The invention discloses a federal learning global model polymerization method with controllable local model proportion, and belongs to the field of artificial intelligence of the Internet of things. The method comprises the following steps: the method comprises the following steps: a federal learning system is constructed in the same-domain Internet of things equipment, and the system is divided into two main parts: the global end of the federal learning system and the local end of the internet of things of the federal learning system. The technical scheme of the invention ensures the controllability of the proportion of the local end model of the Internet of things participating in the global model aggregation in the federal learning process, and has great practical significance for improving the model precision of the federal learning global model. The invention is applied to the field of artificial intelligence and data islands.

Description

Local model proportion controllable federated learning global model aggregation method
Technical Field
The invention belongs to the field of artificial intelligence of the Internet of things and relates to federal learning knowledge. In particular to the optimization of a federated learning global model aggregation method. Aiming at the defects of the original federal learning global model polymerization method, the federal learning global model polymerization method with controllable local model proportion is designed and invented.
Background
The rapid development of the internet of things causes the generation of a large amount of data of the internet of things, and the problem of obtaining information in massive data of the internet of things to assist people in production becomes urgent to be solved. Deep learning is used as a powerful data analysis tool, can mine the internet of things data generated and collected in various complex environments, and becomes a very promising method for mining the data information of the internet of things. However, the internet of things devices are distributed in various fields of social production and life, and data generated by the devices are distributed in a plurality of internet of things devices and separated, so that useful information with a certain scale is difficult to form, and the problem is called a data island problem. The problem of data island seriously restricts the utilization of the deep learning method to the data of the Internet of things.
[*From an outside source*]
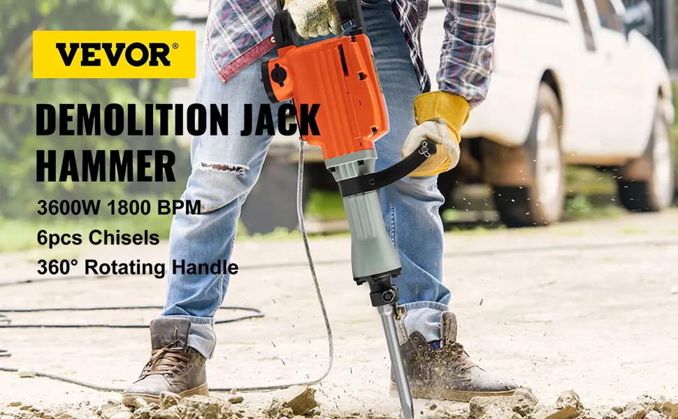 Nuestro martillo de demolición eléctrico de 3600 W con empuñadura delantera ajustable de 360 ° proporciona control y comodidad adicionales durante un uso prolongado. Se caracteriza por una construcción resistente con grado industrial para una alta durabilidad. Además, tiene 6 cinceles para múltiples funciones y un mango en forma de D para absorber las vibraciones y reducir la fatiga del operador.

To cope with the data islanding problem google proposed a federal learning method in 2016. Federated learning may be viewed as an encrypted distributed learning technique. The distributed learning algorithm enables the distributed learning algorithm to obtain local update models from a multi-party local end and then aggregate to form a global model, and the encryption technology ensures complete privacy of an intermediate process. The proposal and application of federal learning enable the problem of data island to be effectively solved. The method is a current research hotspot by deeply mining useful information in the data of the Internet of things by means of federal learning so as to guide social life and production.
Disclosure of Invention
The invention provides a federal learning global model polymerization method with controllable local model proportion, and federal learning is an effective method for solving the problem of 'data islands' in the field of artificial intelligence. The existing federal learning adopts a mode of adding and averaging local models to obtain a global model, and the mode has simple operation and low complexity. However, the new global model is used to completely replace the original global model, the historical state of the global model is lost, and once the performance of the new global model is poor, the performance of the whole federal learning system is poor.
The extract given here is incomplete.